Undoubtedly, the best outcome of this experience was the new friends that I found here. Friends from all over the world! Some of them had the same expectations and doubts as I had, and others with a lot of wisdom to share. Different cultures gathered in a common space, with differences and similarities. A mix of people from Colombia, Italy, Japan, Kenya, The Gambia, India, Jamaica, Lesotho, Ghana, Greece, and Nigeria, just to mention a few countries of the many that now I know a little more about and would like to visit, as now I have friends there.

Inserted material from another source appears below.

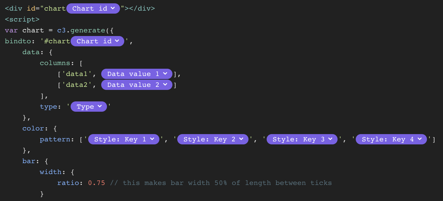 https://c3js.org/ . We have also applied the chart to the CMS to configure the outputs, from the CMS users can choose chart type and data values, there are limitations based on the chart type.

Chevening is also a community of people from different fields and interests. From the 2015/2016 cohort, I will keep not only friends but also potential partners for future projects. The group of Uruguayan students was a remarkable gang of candid people. Everyone opened their doors and friendship to the rest, and together we shared this experience throughout the year, and hopefully we will keep this friendship in the future as well.

The final task: the dissertation and the closure

The dissertation was the most challenging assignment during the past year. For me, it was the first time that I faced such a task. The main goal: to show what you’ve learnt throughout the master’s degree in a unique research. Writing it wasn’t the main issue, I am now confident with the language. However, the challenge was to find the subject and to finish it in no more than three months. I must say that it wasn’t an easy job. It was hard and made me work tightly with a colourful schedule. It left me sleepless for many nights and with a caffeine overdose. ‘To finish it, you have to hate it,’ I was told by the uni’s counsellor as a way to complete the process I started a year ago. It definitely wasn’t ‘hate’ that made me finish it, but a mix of contradictory feelings of being so close to the end of this pathway, that I cannot explain with simple words.

Once I had finished it, the final step (and the most difficult one!) was to say goodbye to the campus that hosted me during the year—its greenery, its swans, and ducks at the lagoon, its lecturers and the friends, which one to one returned to their respective countries. And now what? This is the main question that I ask myself since I’ve finished. I know that I’ve learnt a lot, I feel different than last year, more tolerant and upon all, more humble. I’ve realised that the next challenge would depend on my own effort and work to make it happen, to create new opportunities, new experiences, and new possibilities, and I am not afraid anymore. So, let’s go for it!